基礎知識

肥満タイプの分析

ひとえに肥満といっても様々なタイプがある。脂肪分布での分類、肥満度による分類などが良く知られているが、ここでは肥満になっている原因から分類してみよう。

遺伝要素の強い肥満
一家揃って皆太っているという家族がいる。この場合は遺伝的な要素が強いと予想される。

逆を言えば、痩せの大食いと言われるようにいくら食べても太らない人もいる。生活習慣や嗜好も含めて遺伝としてしまえば、殆どの肥満には遺伝の影響が無視できないのであるが、生活習慣の改善だけではなかなか予防できない肥満もあると言われている。

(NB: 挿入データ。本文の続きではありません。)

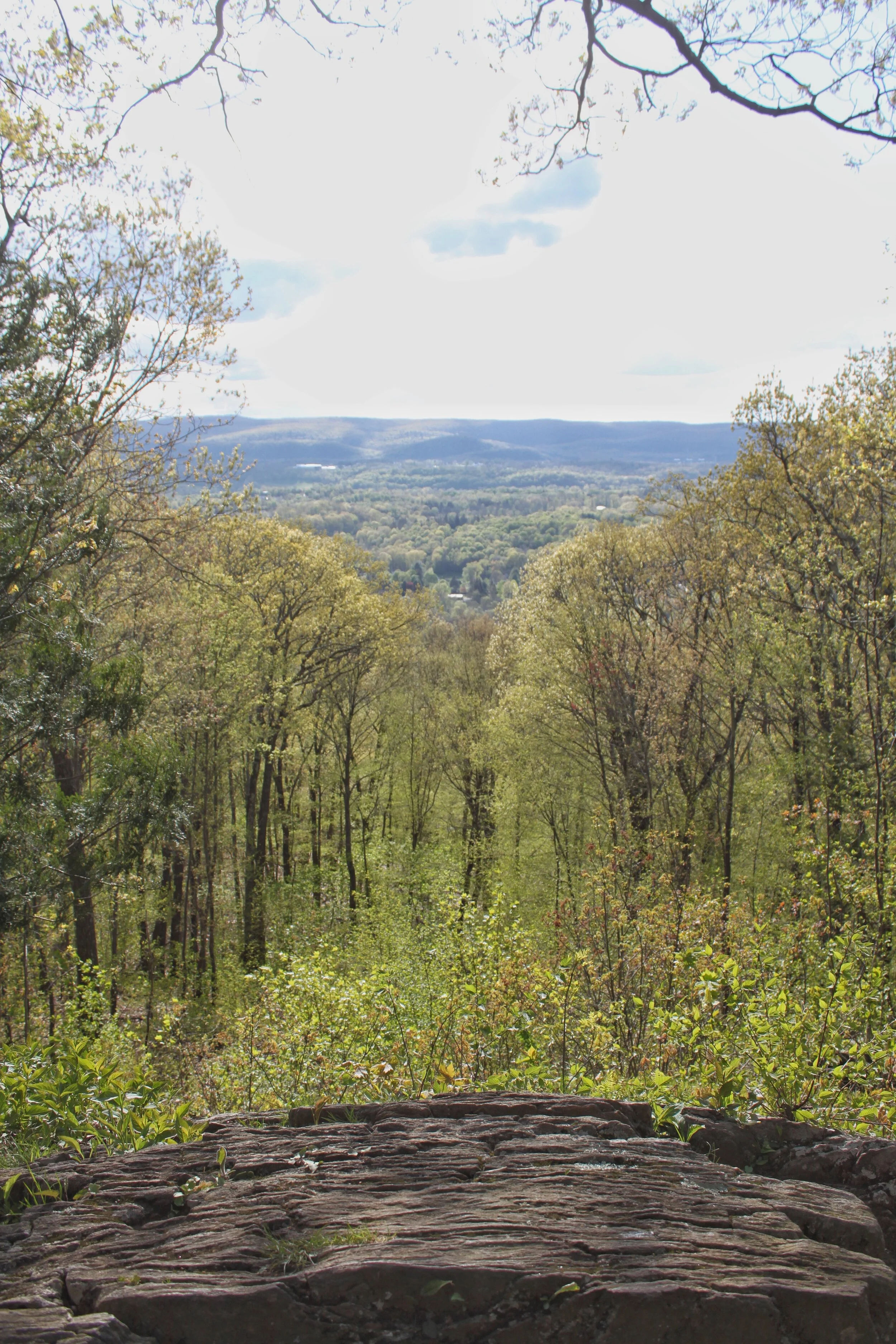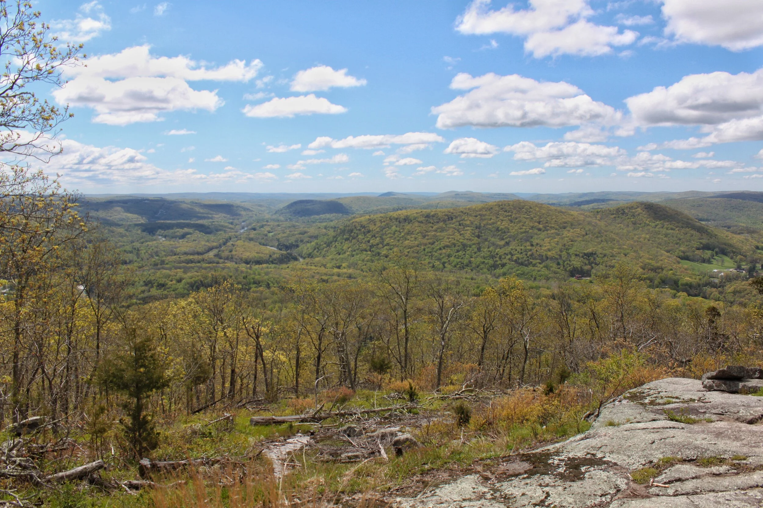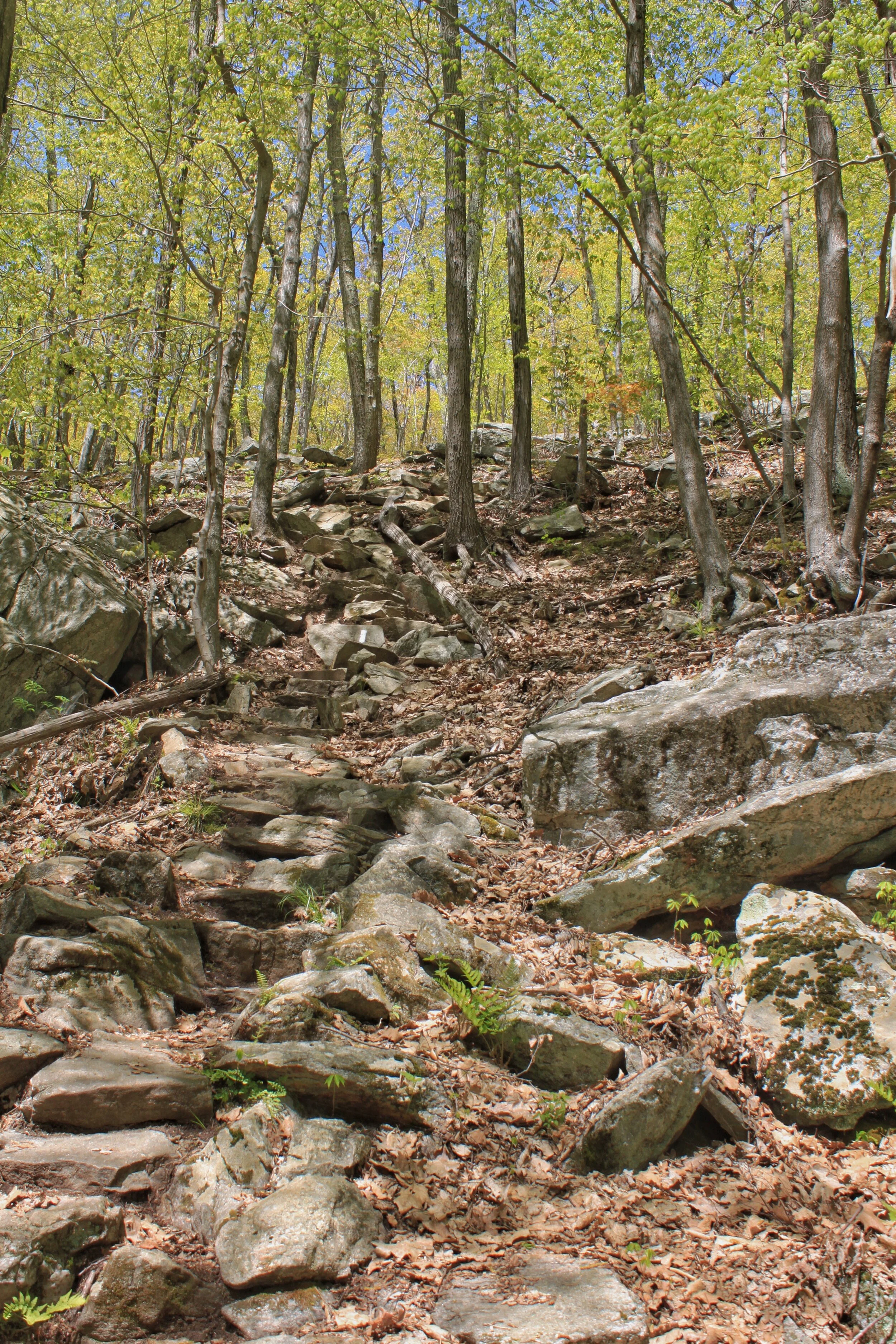 Once you dip back into the woods you start your climb up Schaghticoke Mountain. The climb is worth the view! The viewpoint at the top of your climb is called Indian Rock and was the perfect spot for a morning snack. About 3/4 up the climb you cross over into New York. You’ll stay in NY for about 1.7 miles and then you’re back in Connecticut.
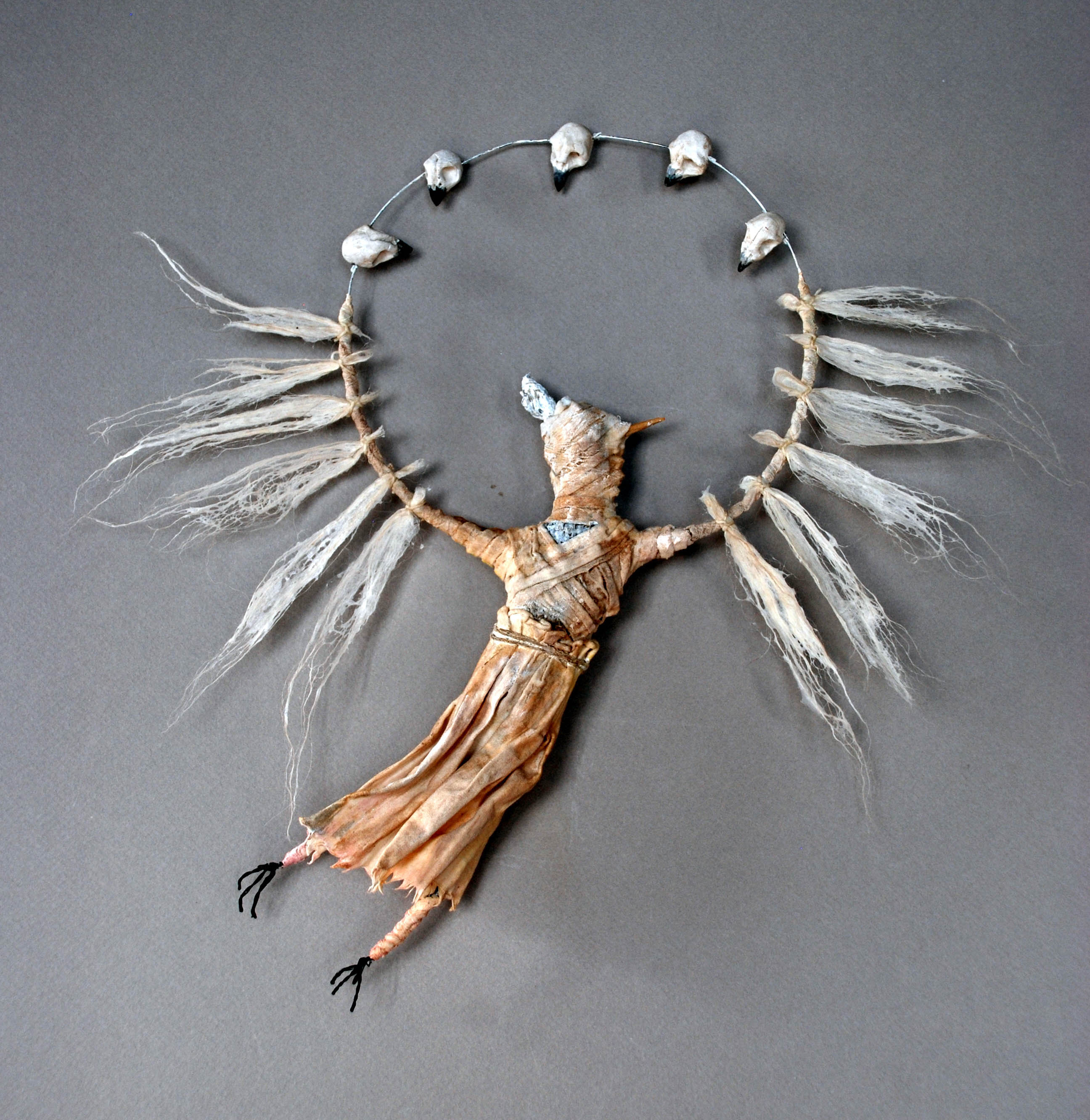 “Angel Juggling Her Duties” fiber, primo skulls, wire

熱産生機構の異常、つまり、エネルギー消費の大部分を占める基礎代謝や熱産生に異常をきたしているケースである。実際に肥満者の脂肪細胞は非肥満者に比べて熱産生能力が低いという報告もある。

摂食中枢(食欲の調整)の異常
人の体はとても不思議なほど良く出来ていて、基本的には体重も一定になるように空腹感や満腹感を調整していると言われる。一回あたりの食事量はその時々で違うので、そんなにうまく調節できているとは信じ難いかもしれないが、長期的に見ると見事にエネルギーの収支が合うように調整されているらしい。

何らかの原因でこの調節機構が狂うと、太ったり痩せたりしてしまう。例えば、脳の一部が脳腫瘍や外傷で損傷を受けると肥満や過食をきたすことがある。

また、人の食欲とは面白いもので、美味しいと思うものは沢山食べられるが、不味いと思うものはあまり食べられない。美味しいものを前にすると摂食中枢が刺激され、必要以上に食べてしまうのである。やはり肥満は贅沢病ともいえなくもない。

食環境による肥満
日本人の肥満が増えてきた原因として、欧米化した高カロリー食の影響が指摘されている。量が同じでも肉料理やお菓子はカロリーが高くなるからである。また、幼児期に高カロリー食を食べることで、脂肪細胞が増殖し一生太りやすい体質になるとの指摘もある。<

このように肥満の原因は様々であり、それぞれに合ったダイエットをすることが大切となる。流行っているからそのダイエットが自分にも当てはまるとは限らない。己を知り敵を知ることが大切である。